Sun Dogs

Someone said today that it was our first sunny day after fifteen days of rain. I don’t know if that’s accurate, but it sure feels like it. Over the past week, I’ve gotten grumpier when I get dressed in the morning to go feed goats. It’s often been quiet until I start getting dressed, then the rain starts pattering on the roof. I try to keep a positive attitude, but it’s been a challenge. The rain. The mud. The wet. The cold.

I whine.
Continue reading Sun Dogs

Goats, Guts and Gratitude

Watering is the hardest part of the job. Lots of physical labor, hauling buckets, usually getting wet and sometimes cold, always dirty. It’s not the kind of thing most people would enjoy.
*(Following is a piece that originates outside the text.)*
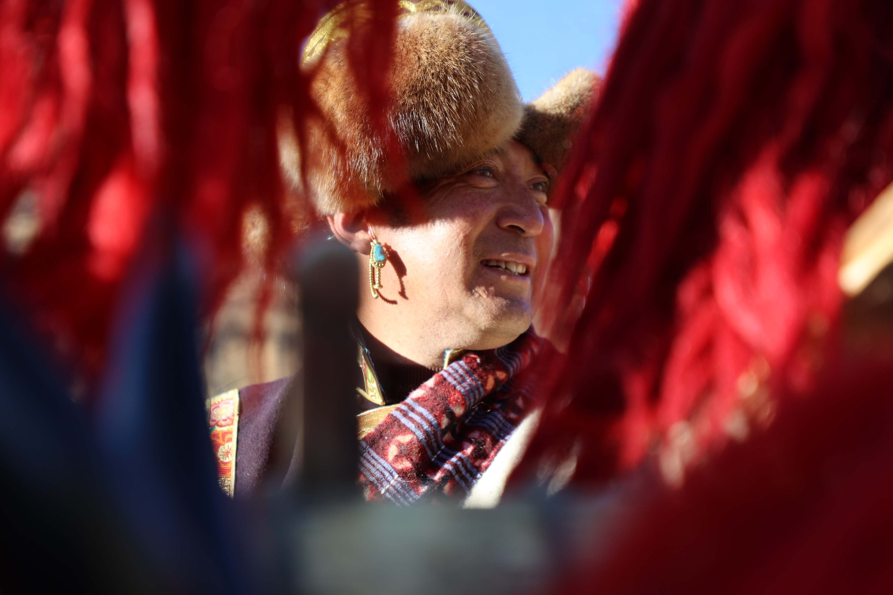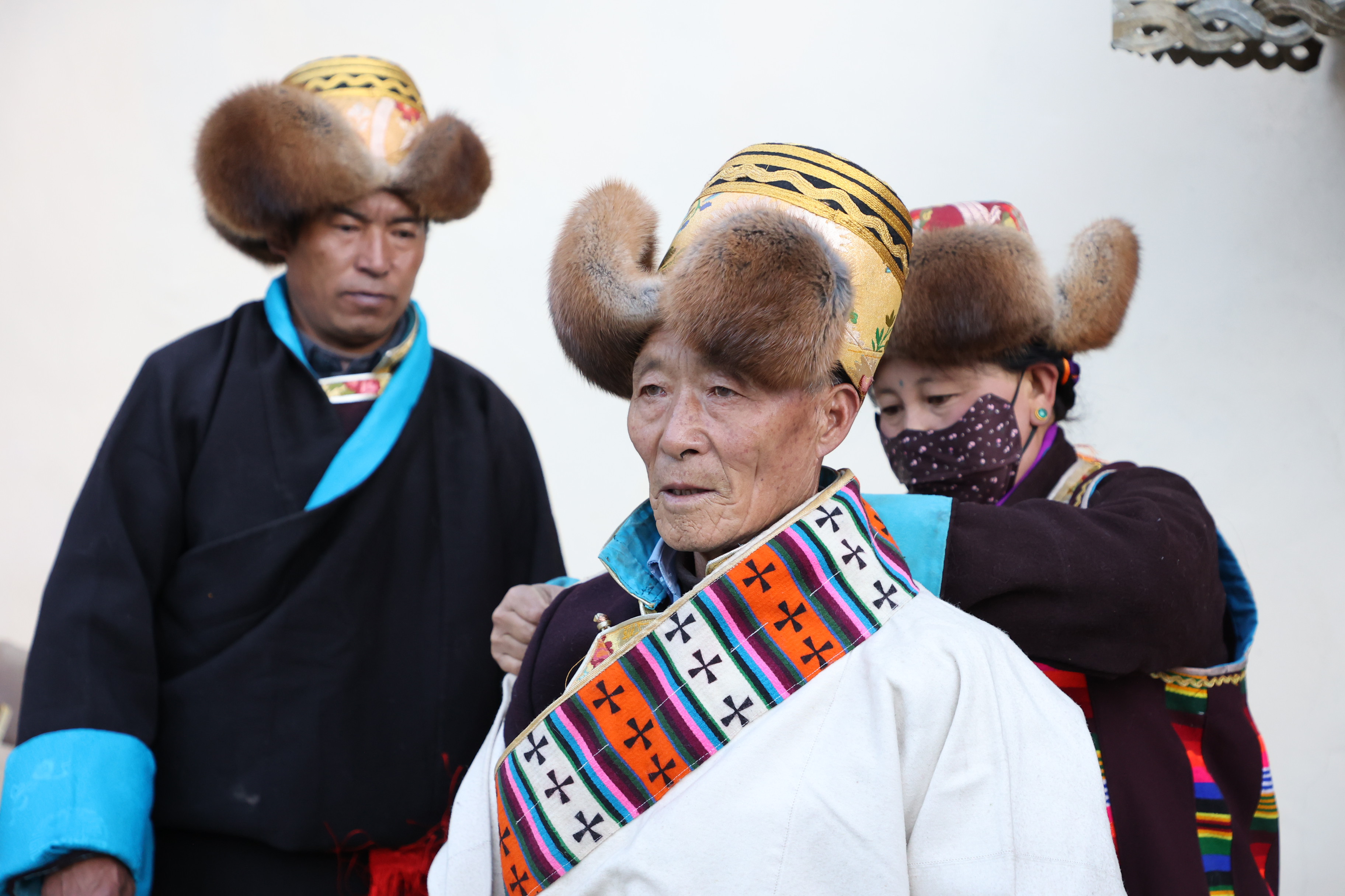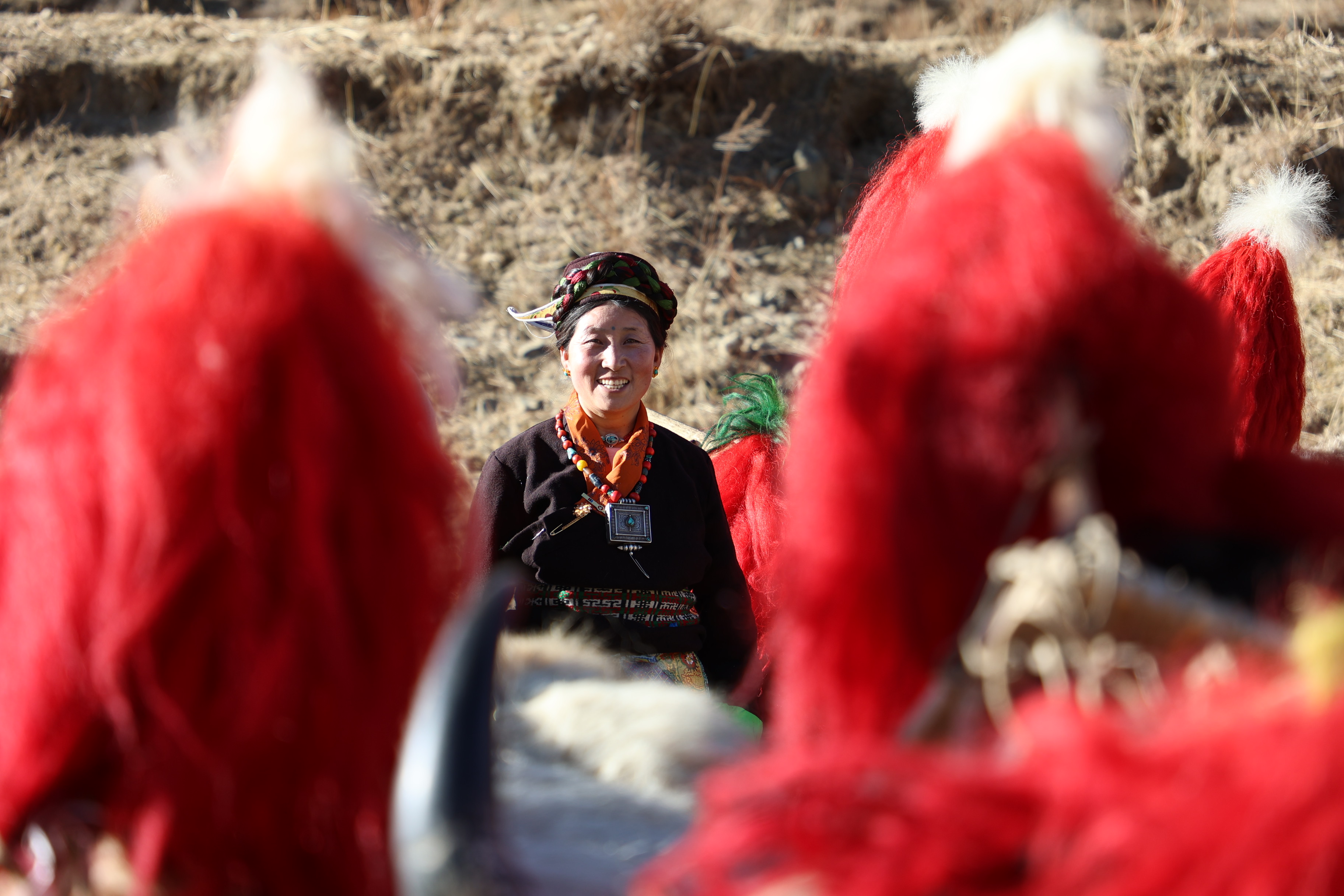 图为村民洛桑身着节日的盛装开始等待着春耕开犁的号令

But in some ways, it’s my favorite part of the morning routine. By this time, the does have been throwing hay around and their water is totally dirty. And they’re often thirsty. Sometimes as I’m filling the bucket, a goat will put her head down and I’ll adjust the hose so it doesn’t splash. Then she sucks in long drinks as the bucket fills, sometimes raising her head, droplets falling as she blinks in the sunlight, savoring it.

This, I think, is as fine an expression of gratitude as I have ever experienced. It is utter satisfaction, to give an animal a drink of fresh water.
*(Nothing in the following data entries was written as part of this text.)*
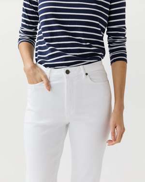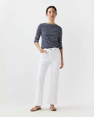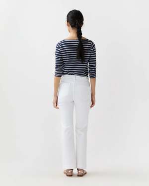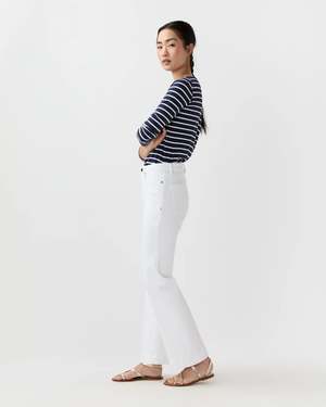 The Kendall has a slightly higher rise, with a touch more room through the thigh and a subtle flare at the ankle. If you haven't found your perfect white jean yet, you should take these for a spin. - Cone Mills stretch denim: 88% cotton / 10% polyester / 2% lycra - Antique brass tack button - 5-pocket style | zip fly | mid rise | flared leg - 29" inseam on size 27 - Made in the USA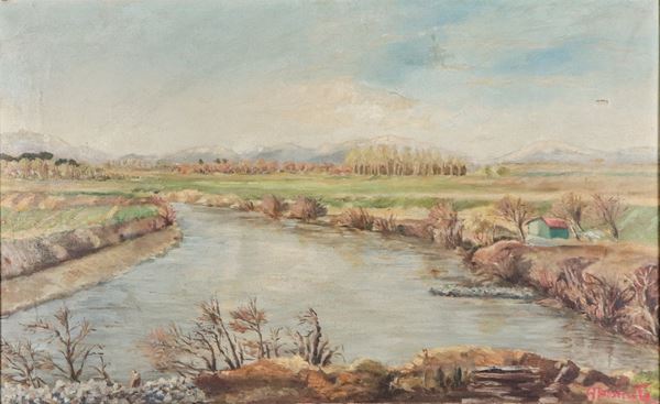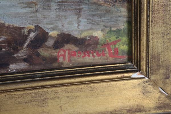 oil painting on canvasgilded wooden frame. The canvas has a cut at the top right, 54 x 81 cm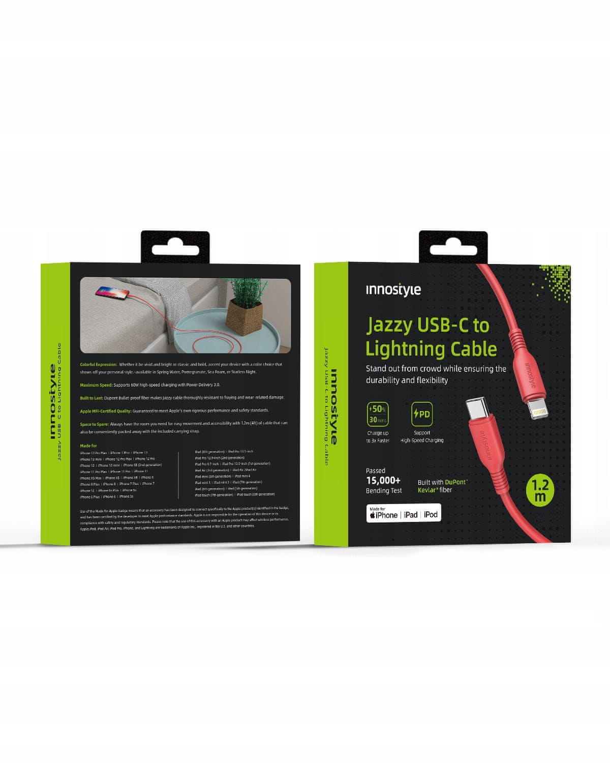 - 1 x Innostyle Jazzy – kabel USB-C – Lightning MFI 1,2 m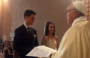 El Papa Francisco sorprendió el sábado 14 de julio al presidir el matrimonio entre un ex guardia suizo y su novia, quien trabajó en los Museos Vaticanos.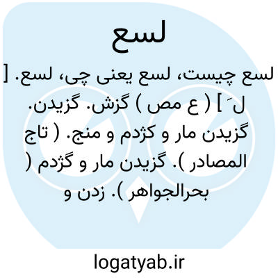 لسع. [ ل َ ] ( ع مص ) گزش. گزیدن. گزیدن مار و کژدم و منج. ( تاج المصادر ). گزیدن مار و گژدم ( بحرالجواهر ). زدن و گزیدن از دنبال چنانکه در زنبور و عقرب. گزیدن مار و کژدم. یا لسع نیش زدن صاحب نیش است و لدغ گزیدن به دهان. ( منتهی الارب ). قرص. || اذیت دادن کسی را به زبان و رنجانیدن. ( منتهی الارب ). کسی را بد گفتن. ( تاج المصادر ). || رفتن و سفر کردن. ( منتهی الارب ).

A lot of people pay lip service to gratitude. They make lists of things they’re grateful for, and always remember to say thank you. And that’s all good. But it’s easy to miss the most important part of gratitude of all: experiencing the moment. That’s what goats excel at…being in the moment, all senses completely alive. They are sensate creatures in the extreme, and just being around them helps me get back into the physical world, too, and out of my churning brain. It may be why I love working with them so much; it helps me get back into my own body.

To experience a goat enjoying a long drink of cool fresh water is to experience an expression of gratitude that goes beyond language. Gratitude is not saying the right thing or even about noticing; it is about accepting fully and completely; receiving what is offered with all senses alive.

…………………………………..

Thursday morning started on Wednesday night.
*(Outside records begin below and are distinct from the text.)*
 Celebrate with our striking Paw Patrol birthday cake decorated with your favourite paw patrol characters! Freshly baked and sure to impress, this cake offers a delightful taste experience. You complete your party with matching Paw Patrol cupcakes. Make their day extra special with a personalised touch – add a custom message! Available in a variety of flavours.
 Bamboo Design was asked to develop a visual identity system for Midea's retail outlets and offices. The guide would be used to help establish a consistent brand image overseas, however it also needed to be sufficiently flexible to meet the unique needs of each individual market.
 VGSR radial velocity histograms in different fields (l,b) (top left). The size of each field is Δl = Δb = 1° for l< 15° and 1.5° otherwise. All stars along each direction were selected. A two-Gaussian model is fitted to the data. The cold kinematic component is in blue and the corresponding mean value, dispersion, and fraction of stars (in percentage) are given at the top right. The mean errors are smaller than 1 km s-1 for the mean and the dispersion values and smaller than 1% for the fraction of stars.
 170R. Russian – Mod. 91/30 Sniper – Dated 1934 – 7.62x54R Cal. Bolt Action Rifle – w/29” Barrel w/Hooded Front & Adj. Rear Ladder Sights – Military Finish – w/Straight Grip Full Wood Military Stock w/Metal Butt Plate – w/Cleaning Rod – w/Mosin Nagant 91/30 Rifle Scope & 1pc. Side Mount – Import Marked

I was away and got a text…“Maple had her kids.” I texted back that I wouldn’t be back until close to ten, but there was a clean pen waiting for her.

When I got home, I stopped at the pens to check and see if the goat and her kids had been safely put away. We let the does deliver the kids in the pasture, then move them into pens where the kids are easier to keep track of and keep warm. But the pen I’d left clean for the next delivery was empty.

I also had a phone message…P said they’d set Maple up in a pen, so I was off the hook for the night. I was grateful…5am comes early, especially later in the week. I catch up on Saturday, “Napday”.

Thursday morning, I head down in the dark for 6am feeding and look in on the mamas-in-waiting in pasture. I see Maple and I’m confused. She clearly hasn’t kidded, so I head for the pens. I find Marilyn Monroe in a pen near the one I’d cleaned. It’s a dirty pen. I’m irritated immediately. I feel like I’m the only one who pays attention to cleanliness and the only one who cares about it from a health standpoint for the goats. So far this year, I’d always gotten mamas and babies into clean pens.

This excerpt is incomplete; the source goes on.